La commande \includegraphics qui est définie dans le package graphicx[35] permet d'appliquer de nombreuses transformations (rotations, mises à l'échelle, etc.) à l'image au moment de son insertion avec une syntaxe du type \includegraphics[...,angle=45,...]{nom_du_fichier}[36].
La commande \includegraphics produit une boîte. À vous de la mettre dans un environnement figure si vous le jugez utile (la majorité des cas a priori).
Note préliminaire : sauf erreur, tous les programmes présentés dans cette section (comme dans le reste du document, d'ailleurs) sont des logiciels libres.
Il fut un temps où pdfTeX n'existait pas, et tout le monde transformait son fichier .tex en .ps (PostScript) en passant par le format DVI (.dvi). Il fallait alors avoir toutes ses figures et images au format EPS, ce qui n'était pas forcément évident en dehors du monde Unix.
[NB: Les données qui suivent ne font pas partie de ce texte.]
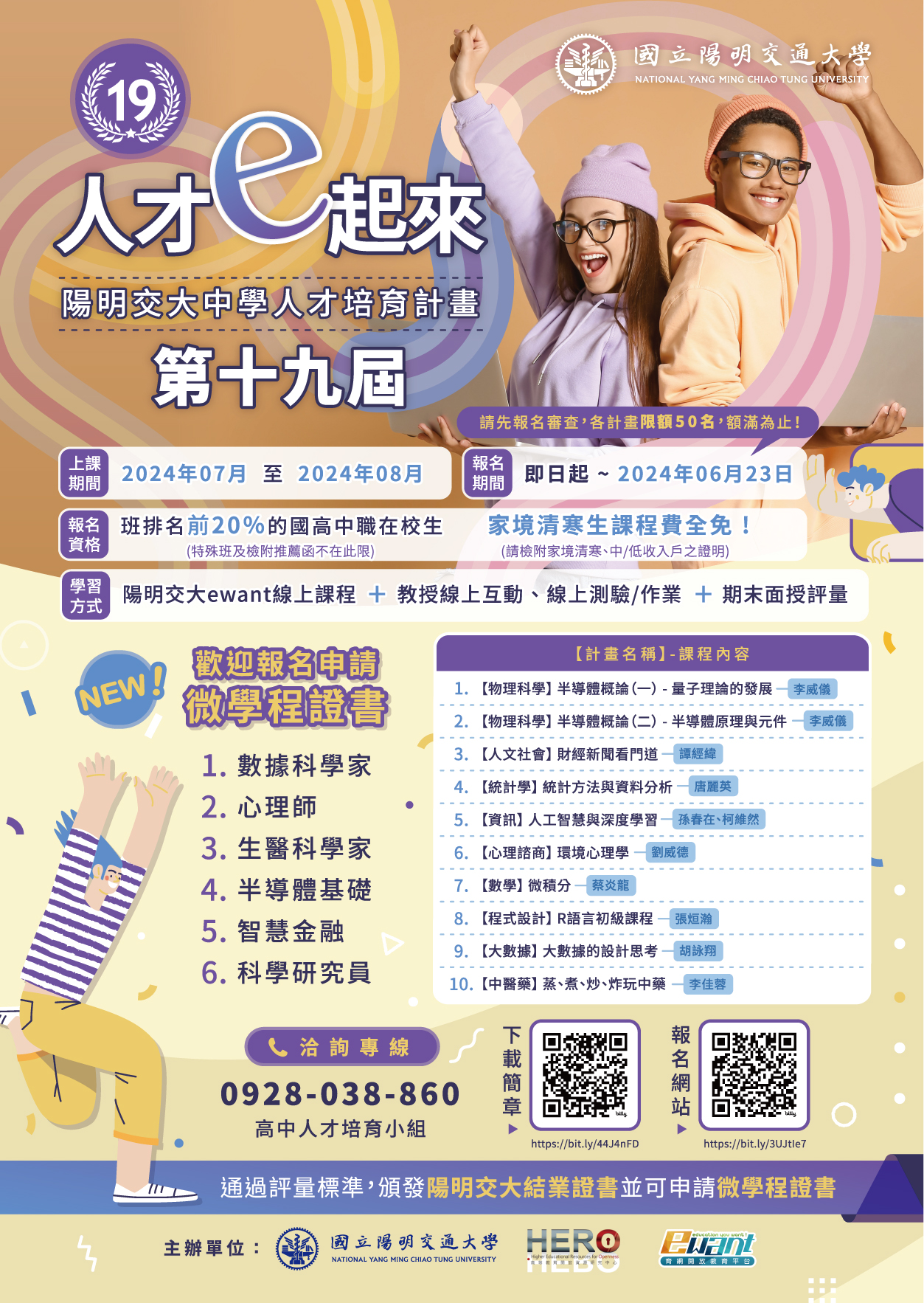 | 相關連結 | http://詳細計畫內容請至本校中學人才培育計畫網站https://ewanths.nycu.edu.tw查詢、報名 | ||

Aujourd'hui, les formats d'images supportés par pdfTeX et dvipdfm(x)[37] sont plus variés et pour la plupart largement utilisés en dehors du monde TeX, ce qui fait qu'il n'y a plus vraiment difficulté à ce niveau-là. Il n'en reste pas moins que les logiciels développés depuis les années 1990 en lien plus ou moins étroit avec le monde TeX pour permettre la création de figures, schémas et graphiques, sont toujours là et, pour certains d'entre eux, toujours très intéressants.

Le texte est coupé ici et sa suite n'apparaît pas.